Check the records below line by line for the string "with". Give the number of lines that contain it and nothing else.
[[ Data, beginning ]]
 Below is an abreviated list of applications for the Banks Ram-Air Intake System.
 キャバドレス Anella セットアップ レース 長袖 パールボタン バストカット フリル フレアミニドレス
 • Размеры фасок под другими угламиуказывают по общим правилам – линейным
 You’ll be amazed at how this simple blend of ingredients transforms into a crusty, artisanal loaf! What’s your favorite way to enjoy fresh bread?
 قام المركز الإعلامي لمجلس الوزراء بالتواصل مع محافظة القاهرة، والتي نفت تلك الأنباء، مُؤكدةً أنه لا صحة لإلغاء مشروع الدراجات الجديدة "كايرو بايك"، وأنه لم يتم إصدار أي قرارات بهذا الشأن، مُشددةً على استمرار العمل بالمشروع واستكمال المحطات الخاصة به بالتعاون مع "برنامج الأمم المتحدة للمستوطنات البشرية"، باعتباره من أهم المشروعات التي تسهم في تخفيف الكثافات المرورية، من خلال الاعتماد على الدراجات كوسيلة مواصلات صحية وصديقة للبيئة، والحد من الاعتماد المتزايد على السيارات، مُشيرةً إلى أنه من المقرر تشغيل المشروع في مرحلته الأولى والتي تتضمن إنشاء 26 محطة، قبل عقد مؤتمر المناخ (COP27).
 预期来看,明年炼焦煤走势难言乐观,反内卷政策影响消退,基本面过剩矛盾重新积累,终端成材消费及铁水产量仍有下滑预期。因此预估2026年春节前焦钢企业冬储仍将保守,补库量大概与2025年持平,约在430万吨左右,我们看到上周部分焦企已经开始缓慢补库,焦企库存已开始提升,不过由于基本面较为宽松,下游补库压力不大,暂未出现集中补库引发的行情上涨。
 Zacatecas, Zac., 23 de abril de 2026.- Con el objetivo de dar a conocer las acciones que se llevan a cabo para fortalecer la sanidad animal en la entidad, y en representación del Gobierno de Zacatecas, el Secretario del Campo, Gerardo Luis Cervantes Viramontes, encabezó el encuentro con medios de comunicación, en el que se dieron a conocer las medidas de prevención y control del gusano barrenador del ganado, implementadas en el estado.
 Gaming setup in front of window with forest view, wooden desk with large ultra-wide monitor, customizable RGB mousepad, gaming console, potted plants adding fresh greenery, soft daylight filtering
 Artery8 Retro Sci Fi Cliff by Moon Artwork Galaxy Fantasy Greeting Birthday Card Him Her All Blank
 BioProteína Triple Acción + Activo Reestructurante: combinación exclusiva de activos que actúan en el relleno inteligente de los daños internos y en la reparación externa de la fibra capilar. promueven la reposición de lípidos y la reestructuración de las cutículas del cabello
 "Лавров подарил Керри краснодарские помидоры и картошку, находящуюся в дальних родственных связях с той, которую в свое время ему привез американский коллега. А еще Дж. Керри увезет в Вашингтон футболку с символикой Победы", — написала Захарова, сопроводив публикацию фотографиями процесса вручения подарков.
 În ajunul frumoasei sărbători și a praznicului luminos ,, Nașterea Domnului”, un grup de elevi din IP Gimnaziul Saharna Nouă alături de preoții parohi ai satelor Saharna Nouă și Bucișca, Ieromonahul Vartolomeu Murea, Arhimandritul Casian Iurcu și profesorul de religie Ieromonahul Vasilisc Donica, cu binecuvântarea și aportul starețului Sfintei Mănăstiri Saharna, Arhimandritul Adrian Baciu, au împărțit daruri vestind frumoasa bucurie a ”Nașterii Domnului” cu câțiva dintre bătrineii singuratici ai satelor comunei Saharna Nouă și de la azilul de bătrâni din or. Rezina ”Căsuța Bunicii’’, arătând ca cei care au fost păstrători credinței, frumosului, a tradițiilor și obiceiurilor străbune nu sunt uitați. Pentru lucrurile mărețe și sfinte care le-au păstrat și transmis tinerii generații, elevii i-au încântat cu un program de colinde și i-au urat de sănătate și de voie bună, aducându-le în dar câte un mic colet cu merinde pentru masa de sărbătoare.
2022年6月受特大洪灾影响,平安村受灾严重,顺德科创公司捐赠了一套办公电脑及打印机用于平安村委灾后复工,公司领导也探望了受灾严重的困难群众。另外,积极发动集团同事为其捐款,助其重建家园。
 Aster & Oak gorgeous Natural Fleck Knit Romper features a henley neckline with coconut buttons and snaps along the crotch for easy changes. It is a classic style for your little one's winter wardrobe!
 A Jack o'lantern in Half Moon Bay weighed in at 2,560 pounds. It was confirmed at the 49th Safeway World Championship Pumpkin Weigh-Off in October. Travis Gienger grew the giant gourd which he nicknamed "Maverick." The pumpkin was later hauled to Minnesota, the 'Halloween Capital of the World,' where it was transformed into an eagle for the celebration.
[[ Data, end ]]
→ Answer below:
2